*** Opening of Supplied records ***

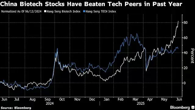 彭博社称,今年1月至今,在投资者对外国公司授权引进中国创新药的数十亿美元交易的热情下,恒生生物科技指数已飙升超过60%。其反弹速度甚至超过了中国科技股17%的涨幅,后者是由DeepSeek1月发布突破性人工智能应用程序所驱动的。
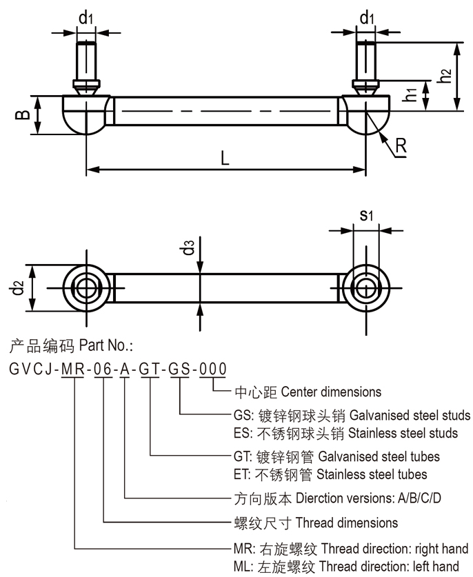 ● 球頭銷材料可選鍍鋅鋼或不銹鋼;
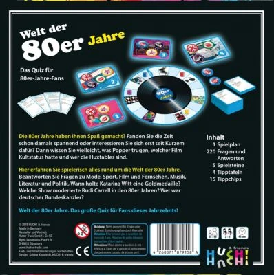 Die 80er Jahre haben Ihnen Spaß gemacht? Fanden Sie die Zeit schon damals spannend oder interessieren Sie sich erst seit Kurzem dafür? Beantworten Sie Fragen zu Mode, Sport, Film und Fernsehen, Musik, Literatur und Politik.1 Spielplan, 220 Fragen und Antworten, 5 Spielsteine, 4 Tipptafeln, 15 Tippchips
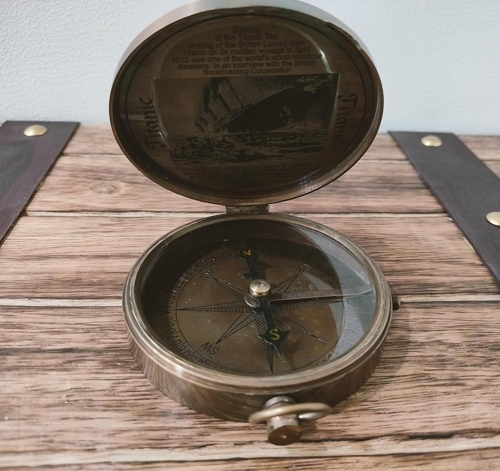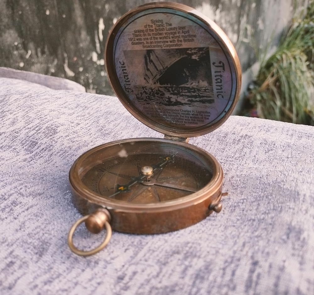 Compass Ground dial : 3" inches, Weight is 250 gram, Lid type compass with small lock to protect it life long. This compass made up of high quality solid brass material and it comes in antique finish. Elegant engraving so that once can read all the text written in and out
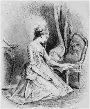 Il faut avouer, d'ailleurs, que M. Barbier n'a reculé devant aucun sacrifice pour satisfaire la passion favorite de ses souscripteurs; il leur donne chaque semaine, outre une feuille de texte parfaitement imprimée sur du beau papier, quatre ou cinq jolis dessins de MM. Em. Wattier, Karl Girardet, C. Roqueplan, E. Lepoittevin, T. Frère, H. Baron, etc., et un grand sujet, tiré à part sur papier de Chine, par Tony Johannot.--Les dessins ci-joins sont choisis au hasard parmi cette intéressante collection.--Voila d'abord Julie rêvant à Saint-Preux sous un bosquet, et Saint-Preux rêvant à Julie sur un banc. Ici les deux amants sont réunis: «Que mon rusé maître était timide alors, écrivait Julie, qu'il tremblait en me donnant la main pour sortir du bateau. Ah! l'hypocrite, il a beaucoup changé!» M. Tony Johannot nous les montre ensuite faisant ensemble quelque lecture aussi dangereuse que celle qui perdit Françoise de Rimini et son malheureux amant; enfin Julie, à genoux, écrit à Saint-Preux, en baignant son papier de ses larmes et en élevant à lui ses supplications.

*** Close of Supplied records ***
*** Opening of Supplied records ***

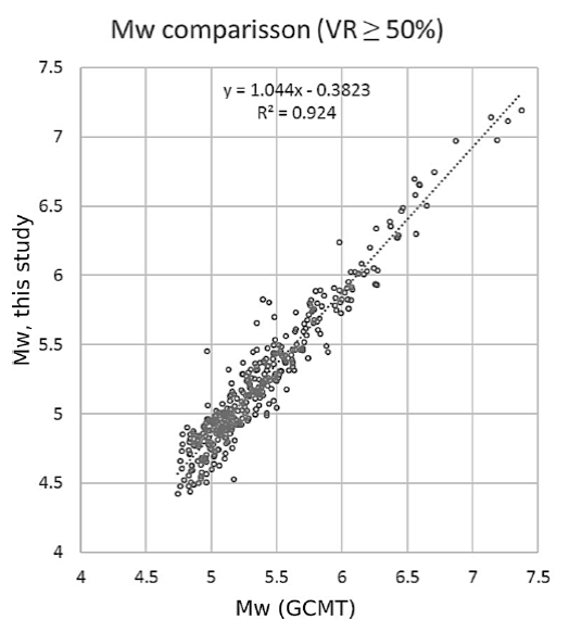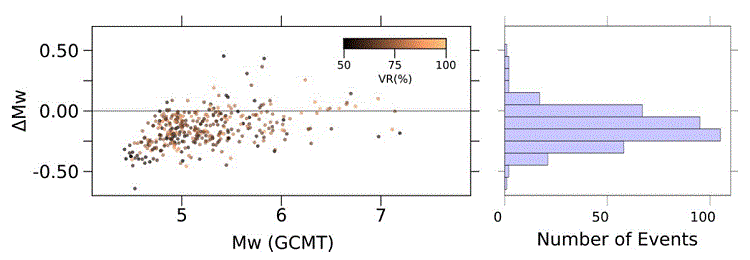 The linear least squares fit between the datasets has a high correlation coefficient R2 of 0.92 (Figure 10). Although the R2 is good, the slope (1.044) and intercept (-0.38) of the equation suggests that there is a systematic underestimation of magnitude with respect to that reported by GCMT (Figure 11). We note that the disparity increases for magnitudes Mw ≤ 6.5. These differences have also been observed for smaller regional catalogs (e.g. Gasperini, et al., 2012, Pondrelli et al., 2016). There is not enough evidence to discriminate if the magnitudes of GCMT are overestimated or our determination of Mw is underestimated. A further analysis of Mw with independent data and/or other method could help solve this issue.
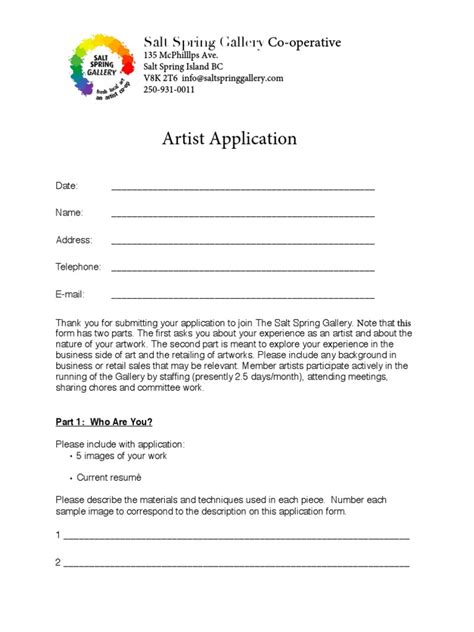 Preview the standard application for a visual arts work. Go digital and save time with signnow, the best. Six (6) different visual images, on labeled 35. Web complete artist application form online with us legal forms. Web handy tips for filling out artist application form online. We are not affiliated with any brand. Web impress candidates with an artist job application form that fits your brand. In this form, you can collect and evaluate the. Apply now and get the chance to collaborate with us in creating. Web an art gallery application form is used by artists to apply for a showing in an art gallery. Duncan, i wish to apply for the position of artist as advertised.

*** Close of Supplied records ***
*** Opening of Supplied records ***

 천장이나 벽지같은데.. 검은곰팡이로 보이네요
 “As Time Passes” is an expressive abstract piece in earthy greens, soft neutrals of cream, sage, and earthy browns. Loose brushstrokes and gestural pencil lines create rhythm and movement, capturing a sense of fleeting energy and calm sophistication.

*** Close of Supplied records ***

All lines in the listing above between the line with "천장이나 벽지같은데.. 검은곰팡이로 보이네요" and the line with "and calm sophistication.", inclusive, should be set down exactly, and no line outside that range.

 천장이나 벽지같은데.. 검은곰팡이로 보이네요
 “As Time Passes” is an expressive abstract piece in earthy greens, soft neutrals of cream, sage, and earthy browns. Loose brushstrokes and gestural pencil lines create rhythm and movement, capturing a sense of fleeting energy and calm sophistication.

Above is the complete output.